Sialic acid in the regulation of blood cell production, differentiation and turnover

Abstract

Sialic acid is a unique sugar moiety that resides in the distal and most accessible position of the glycans on mammalian cell surface and extracellular glycoproteins and glycolipids. The potential for sialic acid to obscure underlying structures has long been postulated, but the means by which such structural changes directly affect biological processes continues to be elucidated. Here, we appraise the growing body of literature detailing the importance of sialic acid for the generation, differentiation, function and death of haematopoietic cells. We conclude that sialylation is a critical post-translational modification utilized in haematopoiesis to meet the dynamic needs of the organism by enforcing rapid changes in availability of lineage-specific cell types. Though long thought to be generated only cell-autonomously within the intracellular ER-Golgi secretory apparatus, emerging data also demonstrate previously unexpected diversity in the mechanisms of sialylation. Emphasis is afforded to the mechanism of extrinsic sialylation, whereby extracellular enzymes remodel cell surface and extracellular glycans, supported by charged sugar donor molecules from activated platelets.
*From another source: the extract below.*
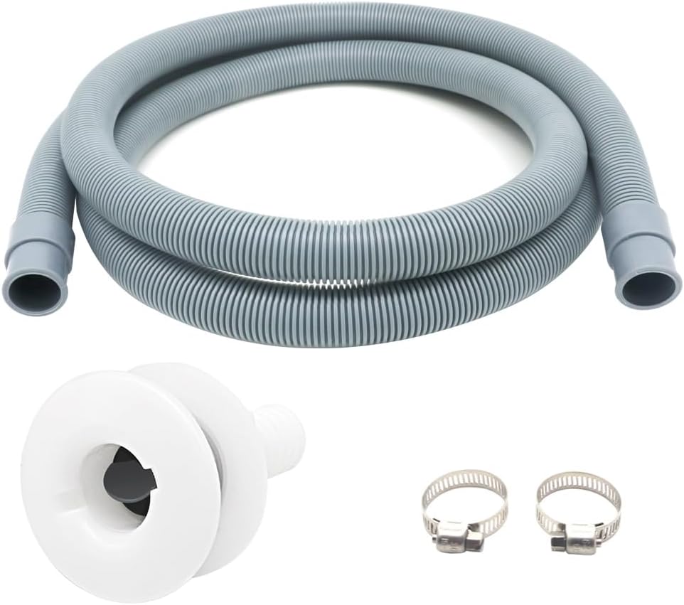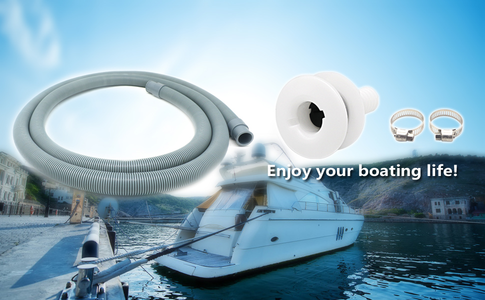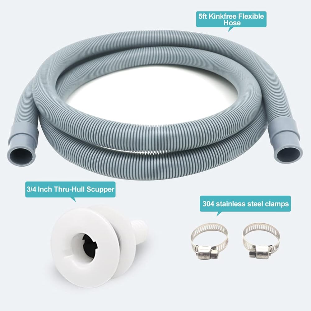 خرطوم مضخة آسن البحرية 3/4 بوصة مجموعة السباكة، 5 أقدام طويلة، أبيض مستقيم من خلال هال سكوبر صمام الزعنفة

Keywords: bone marrow; cell death; extrinsic sialylation; galactose; galectin; haematopoiesis; lectins; sialic acid; sialyltransferase; siglec.
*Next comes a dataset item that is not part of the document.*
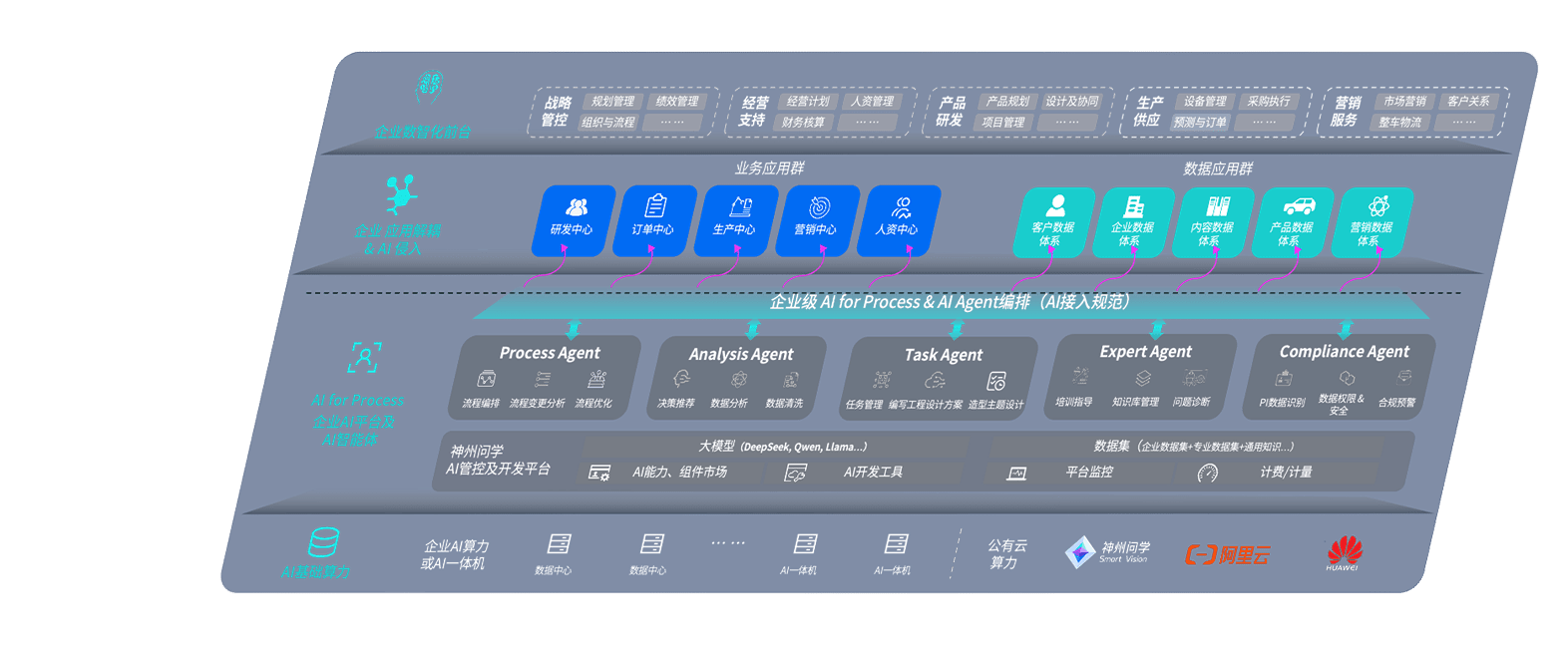 端到端的一站式AI工作空间深度融合了从企业战略规划到日常经营的全流程业务板块,,,定向解决车企内部领域多、、部门多、、、、链条长、、、场景碎片化等难题,,,支持车企快速构建以AI为核心的生产力写作体系,,实现任务执行与AI能力的无缝集成与交互

Fig 1.. Modes of sialylation.

Sialic acid is synthesized in the cytosol from glycolytic precursors, then conjugated to cytidine triphosphate (CTP) to form CMP-Sialic acid, the charged sugar donor substrate that participates in sialylation reactions. The secretory pathway involves progressive remodeling of glycans attached to glycoproteins or glycolipids as they transit through the endoplasmic reticulum and Golgi apparatus. Intrinsic sialylation of a terminally galactosylated structure occurs in the trans-Golgi, after which glycoconjugates are typically transported to be embedded in the membrane or exported. Extrinsic sialylation differs in that extracellular sialyltransferases catalyze sialylation of secreted or cell surface glycans, independently of the ER-Golgi pathway. The relationship between the cell producing the sialyltransferase and the target cell can vary, as illustrated by autocrine (self-sialylation by secreted enzyme), paracrine (sialylation of a tissue by localized enzyme secretion), or endocrine (sialylation of distant targets after transport in the blood). Emerging evidence suggests that extracellular sialyltransferase can also be imported into recipient cells and utilized in intracellular reactions.

Fig 2.. Diverse functions of sialic acid in hematopoietic cells.

(A) Hematopoietic cells accrue sialic acid during early development, but rapidly shed their sialic acid when activated or in response to inflammatory stimuli. This desialylation rapidly generates pro-inflammatory granulocytes and macrophages, prepares dendritic cells for antigen presentation, and accelerates the senescence and turnover of platelets and erythrocytes. (B) Exposure to LPS and TNF-α in macrophages prompts rapid desialylation of the crucial cell surface receptors TLR4 and TNFR, activating a positive feedback loop of inflammation that promotes M1 differentiation but ultimately limits macrophage lifespan. (C) Macrophages and granulocytes express cell surface Siglecs to sense environmental sialic acid. Growth factors M-CSF and GM-CSF stimulate monocyte Siglec-7 and Siglec-9 expression, which sense tissue sialic acid ligands to promote PD-L1 and IL-10 expression, M2 differentiation, and cell death. (D) On neutrophils, Siglec-9 engages erythrocyte sialic acids to inhibit ROS production, NETosis, antimicrobial functions, and promote inflammatory cell death. (E) Lymphocytes possess abundant sialic acid, which in B cells plays a critical role in meeting developmental milestones via engagement of Siglec-2/CD22. Mature B and T cells rapidly lose sialic acid upon activation, exposing underlying galactose for galectin activation. In B cells, desialylation limits BCR signaling and allows for galectin engagement, which directs differentiation into memory or plasma cell phenotypes. In T cells, desialylation allows for robust cytotoxic cell activation but also promotes cell death. Galectin engagement further influences differentiation into specific helper T cell subtypes.